Skip the pictures and write out, word for word, the lines below from the one with "This Gucci Flora" through the one with "親友同士のモデルのベラ・ハデ", inclusive.

§ **PROVIDED DATA**
- - -

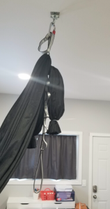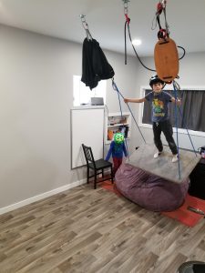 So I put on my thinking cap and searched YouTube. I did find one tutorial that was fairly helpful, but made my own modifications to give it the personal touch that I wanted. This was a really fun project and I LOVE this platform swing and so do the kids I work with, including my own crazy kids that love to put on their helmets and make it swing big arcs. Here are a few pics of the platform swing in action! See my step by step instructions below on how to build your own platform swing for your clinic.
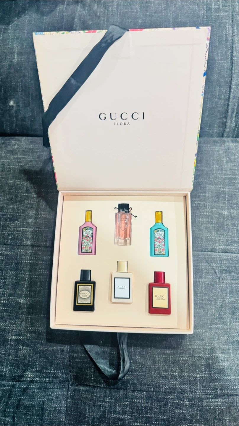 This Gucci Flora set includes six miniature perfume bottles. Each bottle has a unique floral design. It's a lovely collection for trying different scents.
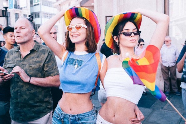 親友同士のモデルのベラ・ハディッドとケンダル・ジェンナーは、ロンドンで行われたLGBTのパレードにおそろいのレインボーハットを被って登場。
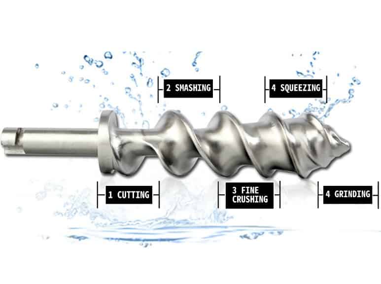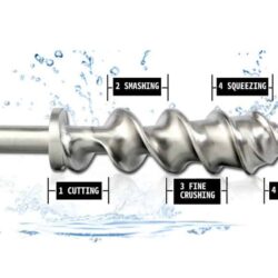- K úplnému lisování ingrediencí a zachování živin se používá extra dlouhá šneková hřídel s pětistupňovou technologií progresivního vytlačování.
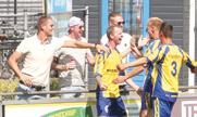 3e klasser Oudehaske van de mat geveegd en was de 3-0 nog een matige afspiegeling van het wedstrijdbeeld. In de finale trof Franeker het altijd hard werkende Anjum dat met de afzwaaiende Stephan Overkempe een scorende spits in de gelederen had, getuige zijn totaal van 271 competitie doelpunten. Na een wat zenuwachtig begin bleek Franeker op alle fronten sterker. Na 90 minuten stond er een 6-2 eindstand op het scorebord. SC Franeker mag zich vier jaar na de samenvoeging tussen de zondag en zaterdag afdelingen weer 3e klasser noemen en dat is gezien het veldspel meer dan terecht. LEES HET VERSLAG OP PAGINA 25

- - -

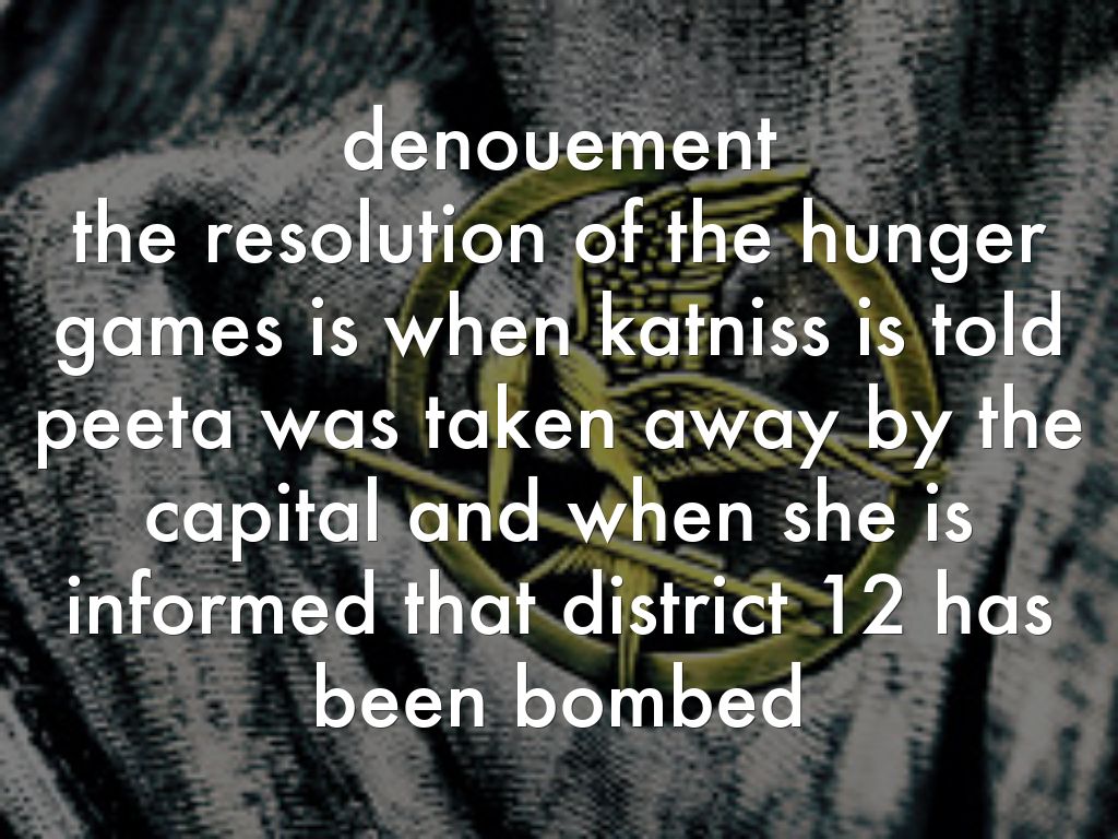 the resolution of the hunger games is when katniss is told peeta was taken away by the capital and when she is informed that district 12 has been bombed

- - -

§ **EXERCISE SOLUTION**
 This Gucci Flora set includes six miniature perfume bottles. Each bottle has a unique floral design. It's a lovely collection for trying different scents.
 親友同士のモデルのベラ・ハディッドとケンダル・ジェンナーは、ロンドンで行われたLGBTのパレードにおそろいのレインボーハットを被って登場。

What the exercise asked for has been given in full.